= Aminatou Maïga Touré =

Nigerien diplomat and politician

Aminatou Djibrilla Maiga Touré is a Nigerien diplomat. She was Niger's Ambassador to the United States from 2006 to 2010 and has served in the transitional government as Minister of Foreign Affairs since March 2010.

Touré began working at the Foreign Ministry in 1979. She was assigned to its Department of Legal and Consular Affairs until 1991 and was then posted at the Nigerien Embassy to Germany from 1991 to 1995. Returning to Niger, she served as Mayor of Niamey Commune II from 1996 to 2000. Touré was Permanent Secretary at the Ministry of Foreign Affairs from 2000 to 2003 and then Secretary-General of the Foreign Ministry's National Commission for La Francophonie from 2003 to 2005.

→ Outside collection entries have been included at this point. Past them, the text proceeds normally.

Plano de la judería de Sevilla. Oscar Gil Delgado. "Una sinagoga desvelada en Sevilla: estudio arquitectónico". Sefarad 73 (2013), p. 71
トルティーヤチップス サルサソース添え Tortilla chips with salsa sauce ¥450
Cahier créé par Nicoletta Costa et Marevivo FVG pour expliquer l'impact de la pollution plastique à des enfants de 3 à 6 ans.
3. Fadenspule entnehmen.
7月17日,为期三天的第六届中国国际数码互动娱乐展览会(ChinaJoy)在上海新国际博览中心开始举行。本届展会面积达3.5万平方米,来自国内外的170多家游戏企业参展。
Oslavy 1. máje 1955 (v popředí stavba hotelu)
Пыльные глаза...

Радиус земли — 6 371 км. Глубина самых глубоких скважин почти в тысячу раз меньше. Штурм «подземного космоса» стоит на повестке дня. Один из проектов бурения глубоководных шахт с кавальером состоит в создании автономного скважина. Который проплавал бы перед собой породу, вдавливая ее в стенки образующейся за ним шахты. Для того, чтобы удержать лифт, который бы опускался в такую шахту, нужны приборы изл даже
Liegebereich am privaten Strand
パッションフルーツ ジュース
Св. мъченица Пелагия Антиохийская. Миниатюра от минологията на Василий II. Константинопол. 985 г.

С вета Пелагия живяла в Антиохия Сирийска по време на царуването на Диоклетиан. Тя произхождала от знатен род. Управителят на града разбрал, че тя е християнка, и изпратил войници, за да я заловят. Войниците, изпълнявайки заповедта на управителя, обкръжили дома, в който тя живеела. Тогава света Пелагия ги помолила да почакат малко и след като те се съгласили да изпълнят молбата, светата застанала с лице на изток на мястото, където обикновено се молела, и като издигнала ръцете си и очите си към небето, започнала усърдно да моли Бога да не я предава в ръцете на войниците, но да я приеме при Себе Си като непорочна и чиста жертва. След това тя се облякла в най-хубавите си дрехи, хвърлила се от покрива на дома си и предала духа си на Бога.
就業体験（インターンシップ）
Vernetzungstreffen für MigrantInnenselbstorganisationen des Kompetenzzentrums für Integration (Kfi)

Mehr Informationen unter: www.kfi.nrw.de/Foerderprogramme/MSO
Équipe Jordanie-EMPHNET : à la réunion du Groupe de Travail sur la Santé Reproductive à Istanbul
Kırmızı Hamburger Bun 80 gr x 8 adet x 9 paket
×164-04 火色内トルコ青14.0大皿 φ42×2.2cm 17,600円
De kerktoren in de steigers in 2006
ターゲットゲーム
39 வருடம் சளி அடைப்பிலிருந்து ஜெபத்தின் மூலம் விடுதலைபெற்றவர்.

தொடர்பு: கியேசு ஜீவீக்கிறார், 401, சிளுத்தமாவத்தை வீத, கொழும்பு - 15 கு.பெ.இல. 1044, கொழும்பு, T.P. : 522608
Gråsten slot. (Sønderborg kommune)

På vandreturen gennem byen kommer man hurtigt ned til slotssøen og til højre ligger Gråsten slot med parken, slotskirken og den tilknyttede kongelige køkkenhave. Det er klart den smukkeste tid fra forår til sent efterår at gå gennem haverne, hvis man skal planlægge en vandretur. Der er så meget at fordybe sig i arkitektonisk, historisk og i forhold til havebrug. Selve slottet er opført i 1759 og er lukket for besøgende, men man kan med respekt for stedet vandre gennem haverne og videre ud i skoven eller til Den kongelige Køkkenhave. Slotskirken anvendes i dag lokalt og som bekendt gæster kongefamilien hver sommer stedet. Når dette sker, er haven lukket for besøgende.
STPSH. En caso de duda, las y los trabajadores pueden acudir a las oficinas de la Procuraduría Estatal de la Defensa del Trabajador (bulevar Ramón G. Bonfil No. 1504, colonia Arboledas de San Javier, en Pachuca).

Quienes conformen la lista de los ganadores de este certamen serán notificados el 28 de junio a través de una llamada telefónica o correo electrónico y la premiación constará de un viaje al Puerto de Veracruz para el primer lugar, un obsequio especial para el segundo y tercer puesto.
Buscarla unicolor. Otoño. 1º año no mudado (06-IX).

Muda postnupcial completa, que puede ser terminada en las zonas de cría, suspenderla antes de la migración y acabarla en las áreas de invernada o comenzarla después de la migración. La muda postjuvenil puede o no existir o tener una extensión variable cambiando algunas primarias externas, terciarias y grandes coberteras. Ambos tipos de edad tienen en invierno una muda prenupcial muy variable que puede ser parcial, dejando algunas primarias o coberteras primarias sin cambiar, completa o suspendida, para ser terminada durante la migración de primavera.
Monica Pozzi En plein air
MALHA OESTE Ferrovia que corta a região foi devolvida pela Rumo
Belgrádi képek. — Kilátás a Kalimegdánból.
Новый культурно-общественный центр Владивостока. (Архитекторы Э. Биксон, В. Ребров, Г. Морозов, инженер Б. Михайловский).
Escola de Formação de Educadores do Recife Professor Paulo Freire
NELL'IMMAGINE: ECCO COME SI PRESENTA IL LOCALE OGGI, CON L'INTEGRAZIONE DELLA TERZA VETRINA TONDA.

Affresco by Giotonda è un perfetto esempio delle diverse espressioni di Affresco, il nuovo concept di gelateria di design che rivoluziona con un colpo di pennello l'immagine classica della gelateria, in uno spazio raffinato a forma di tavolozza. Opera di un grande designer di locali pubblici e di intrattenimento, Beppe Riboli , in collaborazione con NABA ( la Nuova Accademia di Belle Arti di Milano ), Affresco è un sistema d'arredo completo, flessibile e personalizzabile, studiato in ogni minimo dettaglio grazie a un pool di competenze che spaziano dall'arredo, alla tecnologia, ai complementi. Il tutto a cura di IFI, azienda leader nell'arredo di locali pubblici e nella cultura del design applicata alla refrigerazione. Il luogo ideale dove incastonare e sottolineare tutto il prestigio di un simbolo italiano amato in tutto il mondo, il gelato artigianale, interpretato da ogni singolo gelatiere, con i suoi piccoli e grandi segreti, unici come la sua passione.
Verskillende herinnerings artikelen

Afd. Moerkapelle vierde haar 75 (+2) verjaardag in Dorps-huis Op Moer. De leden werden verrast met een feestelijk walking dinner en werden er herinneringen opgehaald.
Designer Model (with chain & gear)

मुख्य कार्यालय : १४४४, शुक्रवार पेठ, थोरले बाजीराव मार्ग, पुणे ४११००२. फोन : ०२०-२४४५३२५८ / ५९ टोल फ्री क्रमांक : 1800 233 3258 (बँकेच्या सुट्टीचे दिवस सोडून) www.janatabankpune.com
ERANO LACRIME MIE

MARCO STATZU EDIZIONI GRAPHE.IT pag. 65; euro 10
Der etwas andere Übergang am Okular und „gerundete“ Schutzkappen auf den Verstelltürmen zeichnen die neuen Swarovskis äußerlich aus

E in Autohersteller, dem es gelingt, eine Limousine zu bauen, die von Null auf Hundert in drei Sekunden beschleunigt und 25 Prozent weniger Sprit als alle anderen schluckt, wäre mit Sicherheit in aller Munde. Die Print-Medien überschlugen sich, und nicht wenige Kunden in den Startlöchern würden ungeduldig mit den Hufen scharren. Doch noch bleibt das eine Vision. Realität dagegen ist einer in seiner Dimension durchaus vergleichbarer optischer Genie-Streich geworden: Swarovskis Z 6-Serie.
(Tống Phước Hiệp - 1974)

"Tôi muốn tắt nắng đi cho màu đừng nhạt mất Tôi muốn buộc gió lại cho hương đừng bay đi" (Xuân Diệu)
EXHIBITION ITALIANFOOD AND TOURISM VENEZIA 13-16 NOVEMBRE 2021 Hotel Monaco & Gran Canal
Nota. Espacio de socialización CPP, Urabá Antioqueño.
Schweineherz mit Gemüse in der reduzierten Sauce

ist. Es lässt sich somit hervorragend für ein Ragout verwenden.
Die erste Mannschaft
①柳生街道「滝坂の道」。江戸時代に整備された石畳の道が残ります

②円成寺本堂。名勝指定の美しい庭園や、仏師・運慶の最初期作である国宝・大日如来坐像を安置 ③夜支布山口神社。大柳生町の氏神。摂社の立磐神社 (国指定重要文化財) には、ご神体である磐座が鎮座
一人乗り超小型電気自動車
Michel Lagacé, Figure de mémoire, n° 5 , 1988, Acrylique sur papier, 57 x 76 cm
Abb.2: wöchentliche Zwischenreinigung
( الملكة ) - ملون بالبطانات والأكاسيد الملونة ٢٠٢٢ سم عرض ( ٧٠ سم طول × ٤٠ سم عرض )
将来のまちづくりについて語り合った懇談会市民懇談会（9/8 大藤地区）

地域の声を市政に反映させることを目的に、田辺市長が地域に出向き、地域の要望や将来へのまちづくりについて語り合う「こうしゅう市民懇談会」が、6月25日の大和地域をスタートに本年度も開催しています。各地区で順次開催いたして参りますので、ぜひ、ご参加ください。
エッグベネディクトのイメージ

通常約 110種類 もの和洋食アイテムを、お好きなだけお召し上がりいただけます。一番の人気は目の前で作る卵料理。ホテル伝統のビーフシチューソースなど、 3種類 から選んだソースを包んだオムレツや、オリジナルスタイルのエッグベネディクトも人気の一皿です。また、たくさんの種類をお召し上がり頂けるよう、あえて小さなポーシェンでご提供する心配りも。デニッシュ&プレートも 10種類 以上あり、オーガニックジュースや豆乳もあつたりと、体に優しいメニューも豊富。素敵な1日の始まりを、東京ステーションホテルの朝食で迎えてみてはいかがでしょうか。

After being appointed as Ambassador to the United States, Touré presented her credentials on 9 March 2006. She remained in that post for four years. On 18 February 2010, President Mamadou Tandja was overthrown in a military coup in Niamey, and Salou Djibo, the President of the Supreme Council for the Restoration of Democracy (CSRD), then appointed Touré to serve in the transitional government as Minister of Foreign Affairs on 1 March 2010.